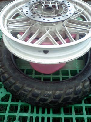 という事でホィールが裸状態になる。 当然ここで汚れなんかを洗い流してキレイにしたいのだが、25歳を過ぎたバイクの塗装はかなりデリケート、単に洗剤で洗っただけでは中々キレイにならないので自分はあきらめた。 |
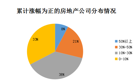 具体到A股上市公司来看,申万行业房地产类119家公司(排除园区开发类公司)今年以来有52家累计涨幅为正,64家为负,还有3家为0%;累计涨幅为正的公司中,涨幅超过50%的有4家,介于30%至50%的有11家,介于10%至30%的有20家,还有17家公司的涨幅大于0但低于10%。
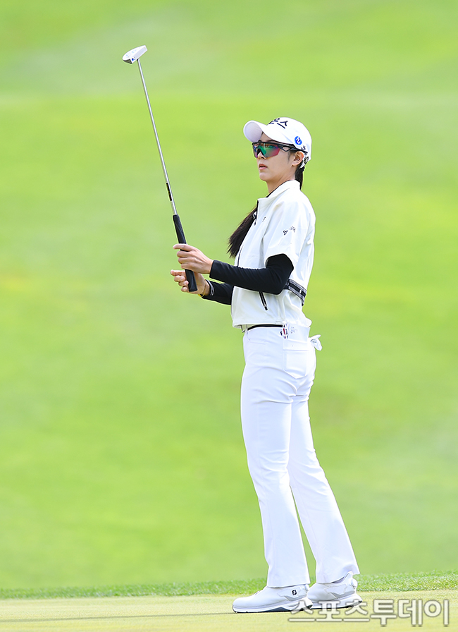 [충주(충북)=스포츠투데이 팽현준 기자] 27일 충북 충주 킹스데일GC에서 열린 KLPGA 덕신EPC 챔피언십 파이널라운드, 강지선이 1번홀 그린에서 퍼팅을 하고 있다. 2025.04.27.
============
Work item -
Lines from the one containing "具体到A股上市公司来看,申万" through the end of the material above must be reproduced exactly; pictures must not be.

Your solution -
 具体到A股上市公司来看,申万行业房地产类119家公司(排除园区开发类公司)今年以来有52家累计涨幅为正,64家为负,还有3家为0%;累计涨幅为正的公司中,涨幅超过50%的有4家,介于30%至50%的有11家,介于10%至30%的有20家,还有17家公司的涨幅大于0但低于10%。
 [충주(충북)=스포츠투데이 팽현준 기자] 27일 충북 충주 킹스데일GC에서 열린 KLPGA 덕신EPC 챔피언십 파이널라운드, 강지선이 1번홀 그린에서 퍼팅을 하고 있다. 2025.04.27.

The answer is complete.